数年のサンパウロ駐在のみで、かつアウトサイダーである私がこのようなテーマに口をはさむことは、極めておこがましいことであるが、短期的、中期的、長期的ないくつかの提案をしたい。

 

「県人会のあり方のビジョンをつくること」

現在、県人会はそれぞれの考え方にしたがって、予算、マンパワー等を考慮しながら、活動している。一度、ここで原点に戻り、県連が中心となって、コロニアの各世代にまたがる人材、外部人材等の協力を得て、県人会の意義、重要性、あり方等につき、十分な意見交換を行い、ビジョン的なものを作成し、日本政府、地方庁、コロニアの組織、ブラジル当局等に県人会に対する理解を深めてもらうようにしてはどうであろうか。おそらく、このビジョンの策定に関しての最大の問題は、1世と2世の間にある考え方の相違、県連及び県人会の企画力、実行力が必ずしも十分なものとは言えないことがあげられる。県連の組織と機能が格段に強化されることを望みたい。

 

「世代交代を進めること」

1世、2世の高年齢化とともに、県人会の会員数が減少し、活動が少しずつ停滞化するのは、ある意味で自然な流れである。しかし、1世、2世が、県人会の重要なポストにとどまっている限り、更なる発展は難しいと考えたほうが良い。もちろん、自分たちの過去の偉大なる貢献について1世、2世が持っている意識は尊重すべきではあるが、3世、4世に運営や活動を任せ、自分たちは、県人会の中に、「高年齢クラブ」や「シニア・クラブ」を作り、引き続き活動をすればいいのである。おそらく、若い世代の人々がいろいろなイベントを積極的に組織しようとすればするほど1世の役員との軋轢が生じることが考えられる。1世は、過去の栄光を忘れる努力が必要である。今、日系人の日本語の普及が大きな問題となっている。世代が進むにつれ、継承言語としての日本語の普及が難しくなっている。3世以降の世代にとって、日本や日本語も遠ざかっている現状である。国や日本語についての関心も薄れている状況にあって、県に対する思い入れは、さらに薄れるものと考えたほうがいい。会員数の減少については、県や日本のアミーゴになりうるブラジル人たちにも、入会を勧めることも考慮に入れたほうが良い。ただし、日本や県に関心があり、会費も支払ってくれるのが条件である。県連のホームページをみていると、宮崎県人会では、運営を青年部に移行したとのことである。この行動は勇気を与えるものである。またブラジル熊本県文化交流協会(熊本県人会)の場合、この5年以内に約40人の若者が参入、全員2~30歳代で、運動会、ふりかけ祭り、芸能祭などで大活躍中とのことである。日本人幹部は2人だけで、毎月の理事会もポルトガル語になっている。このような傾向が続くことを期待したい。

 

 

「ホームページを立ち上げること・充実させること」

前述のようにホームページを保有している県人会は、全体の3分の1である。何をやったのか何をやろうとしているのかを知らせる努力をしないと会の活性化は望めないし、ホームページの作成は、会員増を図る上でも重要である。ただホームページを作成するとなれば、若手の助力が必須である。ただ若手だと当然ながらポルトガル語になろう。と言って、母県の県民にも活動ぶりを知ってもらうことも必要である。そこで、ポルトガル語版をブラジルで作成し、日本語版を母県で作成し、合体させるというのはいかがであろうか?県にはポルトガル語のできる職員がいなければ、英語を媒介とすることも可能である。もちろん独自で両国語のホームページを作成できる県人会は従来通りのやり方をすれば良い。
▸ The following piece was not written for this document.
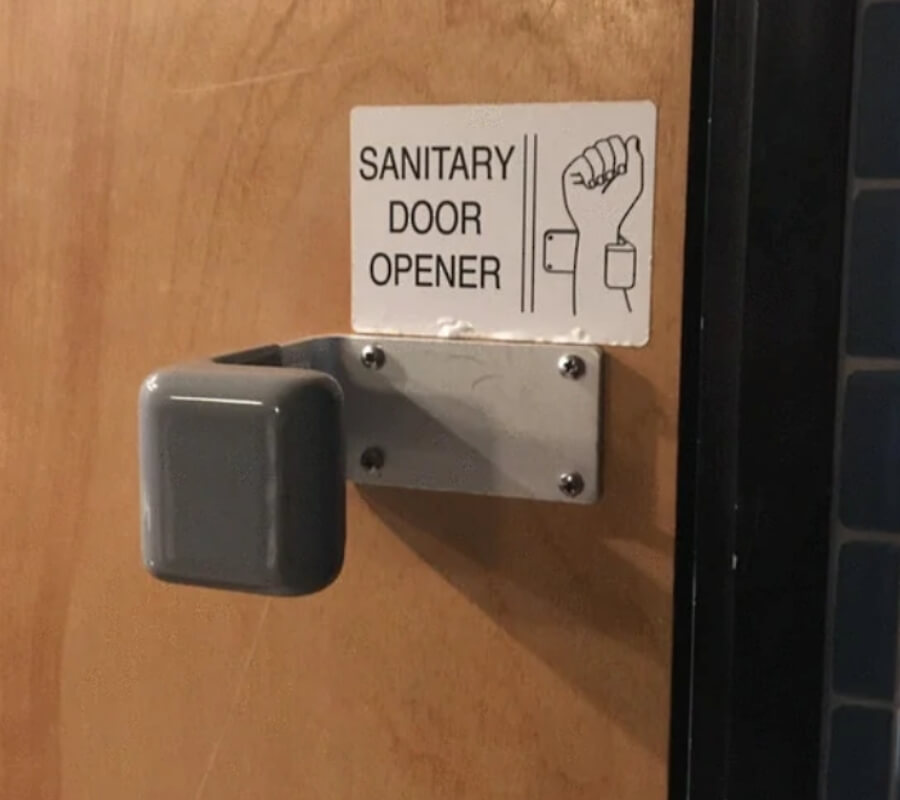 Public door handles are one of the most germ-filled places on planet earth. You have to wrist it.

予算とマンパワーの問題はいつも存在するが、各県人会と県連、県連と一般財団法人自治体国際化協会(クレア)、県連と海外日系人協会との連携が望まれる。また県人会の総元締めの県連の事務局を強化することや2か国語の堪能なスタッフを揃えることも必須であろう。
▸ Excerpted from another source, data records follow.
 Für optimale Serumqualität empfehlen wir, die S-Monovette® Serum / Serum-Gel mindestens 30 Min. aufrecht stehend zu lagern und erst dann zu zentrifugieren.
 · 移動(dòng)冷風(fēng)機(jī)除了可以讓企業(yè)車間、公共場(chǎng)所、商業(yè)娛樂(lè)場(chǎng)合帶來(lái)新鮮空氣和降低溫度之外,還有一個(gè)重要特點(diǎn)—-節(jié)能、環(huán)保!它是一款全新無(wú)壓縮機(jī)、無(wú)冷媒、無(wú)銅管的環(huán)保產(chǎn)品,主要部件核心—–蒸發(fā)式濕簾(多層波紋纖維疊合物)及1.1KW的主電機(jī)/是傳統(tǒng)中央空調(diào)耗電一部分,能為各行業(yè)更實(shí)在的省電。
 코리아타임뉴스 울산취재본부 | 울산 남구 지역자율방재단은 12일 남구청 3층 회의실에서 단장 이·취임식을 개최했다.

最大の問題は言葉の壁であるが、上記の方法に加え、出稼ぎの帰国子女の活用も大いに検討すべきである。帰国子女で素晴らしい能力を持ち、ボランテイア精神にあふれた人材が多数いるはずである。彼らをうまく活用する創意工夫を期待したい。

 

「フェスチヴァウ・ド・ジャポンにより大きなエネルギーを投入すること」

前述のようにフェスチヴァウ・ド・ジャポンの規模、動員力は圧倒的である。そこで各県もこのイベントに最大のエネルギーを費やし、できれば、相当程度の収益が出るメカニズムをつくるというのはどうであろうか?1県人会のイベントであれば、動員力もそれほどでなく、収益もそれほど出ないと思われるが、フェスチヴァウだと可能である。県人会の結束を図ることができるし、若者のボランテイア活動も期待でき、次代の指導者の育成にも繋がる。またフェスチヴァウを媒介として、非日系で、日本に大きな関心を持つブラジル人を多数、ボランティアとして協力してもらい一気に親日ブラジル人のネットワークを構築するというのはどうであろうか。従来よりもっと母県の協力もお願いし、県や国の広報活動の展開も期待したいところである。日本政府や地方庁は、現在、VISIT JAPANキャンペーンやインバウンド旅行やクールジャパンの振興に積極的であるので、良い機会と言えよう。県側もフェスチヴァウをもっと有効に活用するような、種々のアイデアを出すことが望まれる。

 

「ジャパンハウスとの連携を」

ジャパンハウスは、2017年5月に開所式を行い、ブラジル人ビジターの間で大好評である。ジャパンハウスについては、筆者も連載エッセイ67の「サンパウロ・ジャパンハウスのチャレンジ」で詳細に紹介した。ジャパンハウスがブラジル人に高く評価されているのは、目指すコンセプトが明確で、新しい日本、普遍的価値を持つ日本文化を紹介・発信したからである。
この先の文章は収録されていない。